▸ **Exercise**: The entries below are to be repeated exactly, and their pictures left out.

****************************************

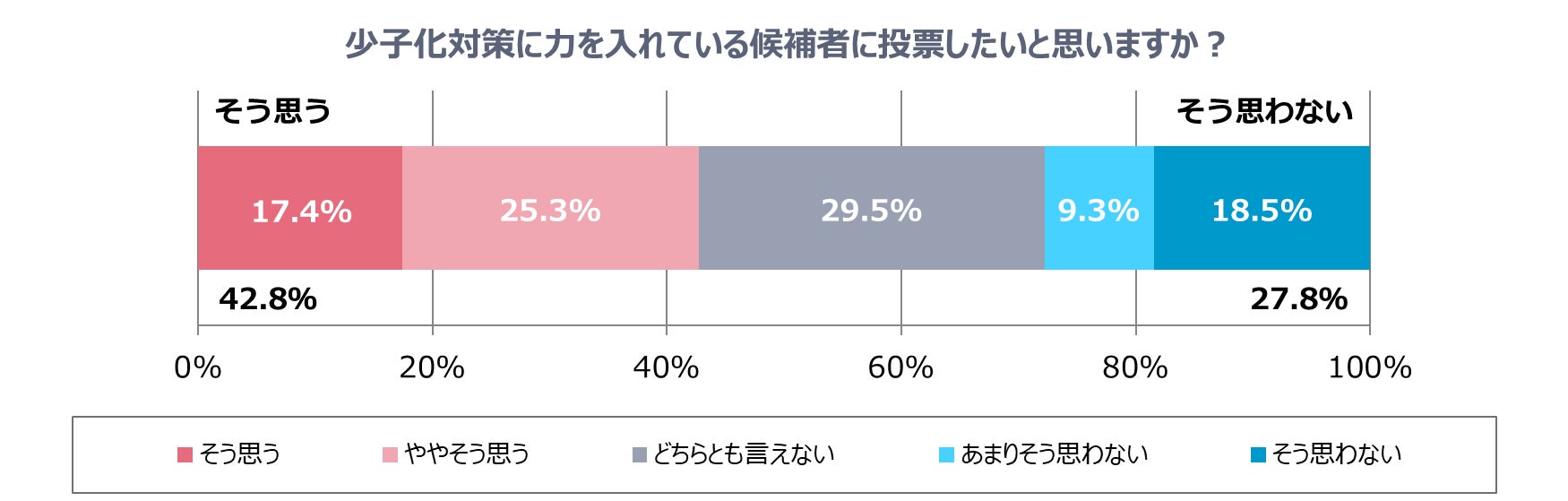 「そう思う」(17.4%)と「ややそう思う」(25.3%)をあわせた42.8%が候補者の少子化対策に注目していることが分かりました。
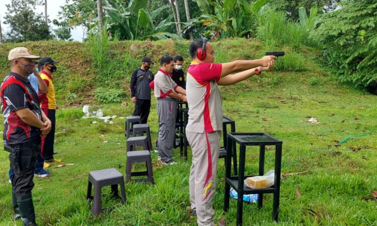 Kegiatan latihan yang dipimpin langsung oleh Kapolres Sinjai Akbp Iwan Irmawan, S.Ik.,M.Si dan diikuti oleh Pejabat Utama, para perwira staf dan segenap personel Polres Sinjai dengan tujuan untuk meningkatkan kemampuan penggunaan senjata api personel.
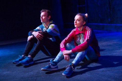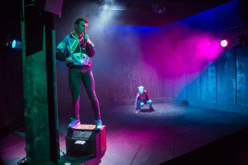 Just as in the script, the production designed by Richard Kent uses no scenery except a television set and a microphone to set the scene for the bus, the off-license liquor store, the pub, the shore, the bedroom, and the disco. As the play has few transitions it is difficult to know where the characters are at any given time. The most effective element in the production design is Elliot Griggs’ lighting design which is very often used to set the scene. The sound design by Giles Thomas includes snatches of 90’s songs which are in keeping with the 1996 time period when the play was written and takes place.
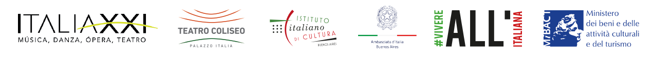 Este espectáculo es parte del ciclo ITALIA XXI, producido por Teatro Coliseo e Istituto Italiano di Cultura, con el apoyo institucional de la Embajada de Italia, Vivere All’Italiana y el Ministerio de Bienes Culturales y Turismo de Italia (MiBACT).
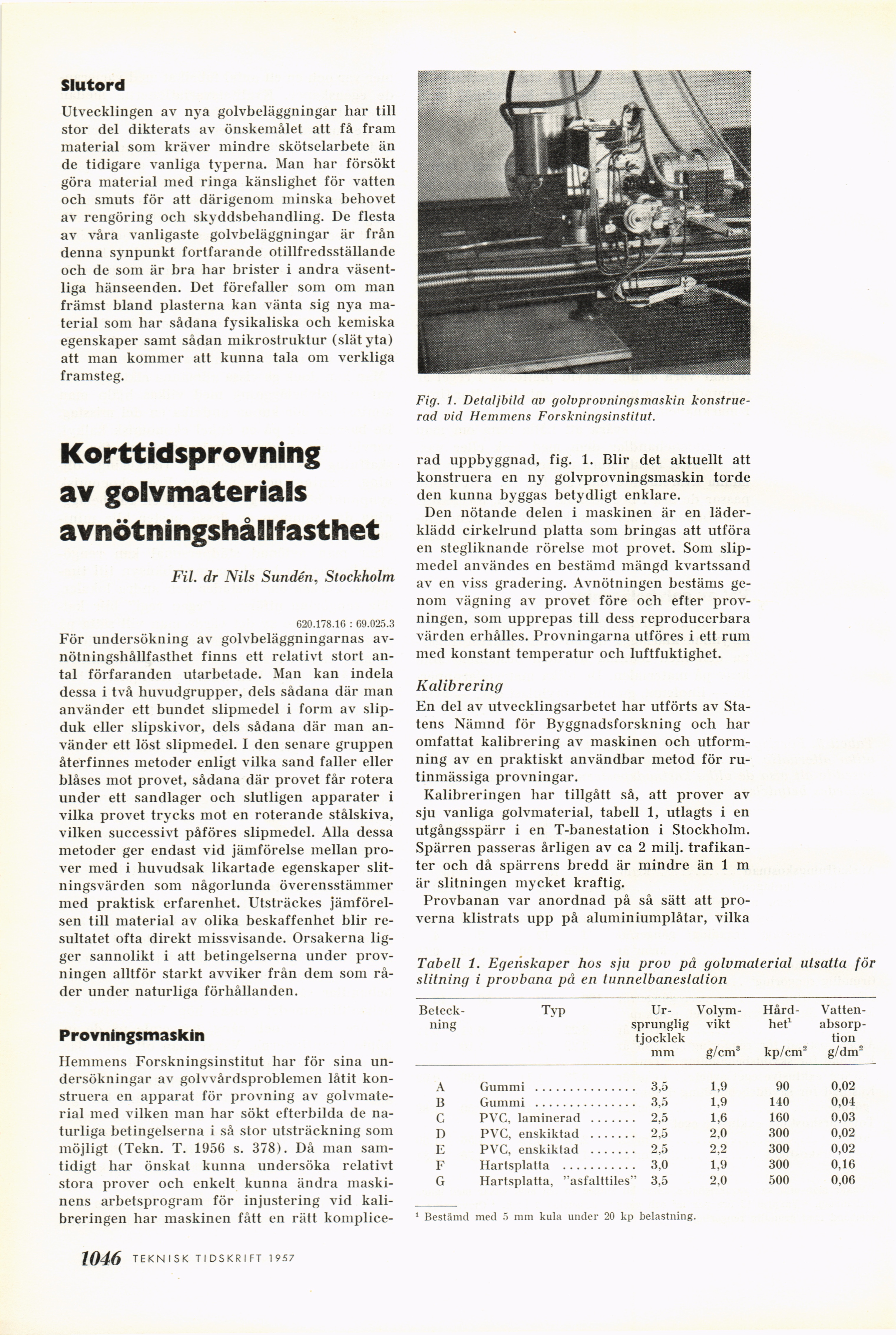 Full resolution (JPEG) - On this page / på denna sida - 1957, H. 43 - Golvbeläggningar, av Christer Bring och Nils Sundén - Korttidsprovning av golvmaterials avnötningshållfasthet, av Nils Sundén
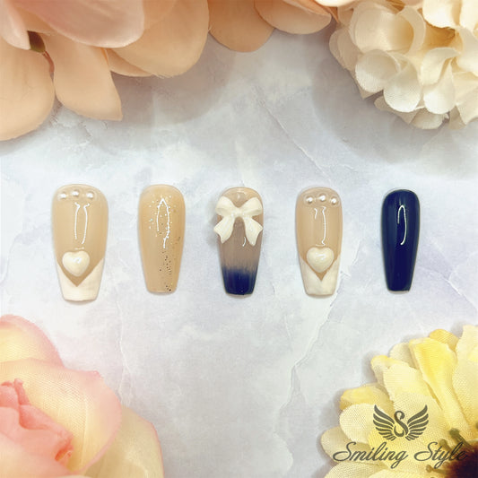 White French Ballerina Slippers Press On Nails by SMILINGSTYLE | Luxury Fake Nails | Reusable Nails | Handmade Nails

****************************************

▸ **Answer to this exercise**:
 「そう思う」(17.4%)と「ややそう思う」(25.3%)をあわせた42.8%が候補者の少子化対策に注目していることが分かりました。
 Kegiatan latihan yang dipimpin langsung oleh Kapolres Sinjai Akbp Iwan Irmawan, S.Ik.,M.Si dan diikuti oleh Pejabat Utama, para perwira staf dan segenap personel Polres Sinjai dengan tujuan untuk meningkatkan kemampuan penggunaan senjata api personel.
 Just as in the script, the production designed by Richard Kent uses no scenery except a television set and a microphone to set the scene for the bus, the off-license liquor store, the pub, the shore, the bedroom, and the disco. As the play has few transitions it is difficult to know where the characters are at any given time. The most effective element in the production design is Elliot Griggs’ lighting design which is very often used to set the scene. The sound design by Giles Thomas includes snatches of 90’s songs which are in keeping with the 1996 time period when the play was written and takes place.
 Este espectáculo es parte del ciclo ITALIA XXI, producido por Teatro Coliseo e Istituto Italiano di Cultura, con el apoyo institucional de la Embajada de Italia, Vivere All’Italiana y el Ministerio de Bienes Culturales y Turismo de Italia (MiBACT).
 Full resolution (JPEG) - On this page / på denna sida - 1957, H. 43 - Golvbeläggningar, av Christer Bring och Nils Sundén - Korttidsprovning av golvmaterials avnötningshållfasthet, av Nils Sundén
 White French Ballerina Slippers Press On Nails by SMILINGSTYLE | Luxury Fake Nails | Reusable Nails | Handmade Nails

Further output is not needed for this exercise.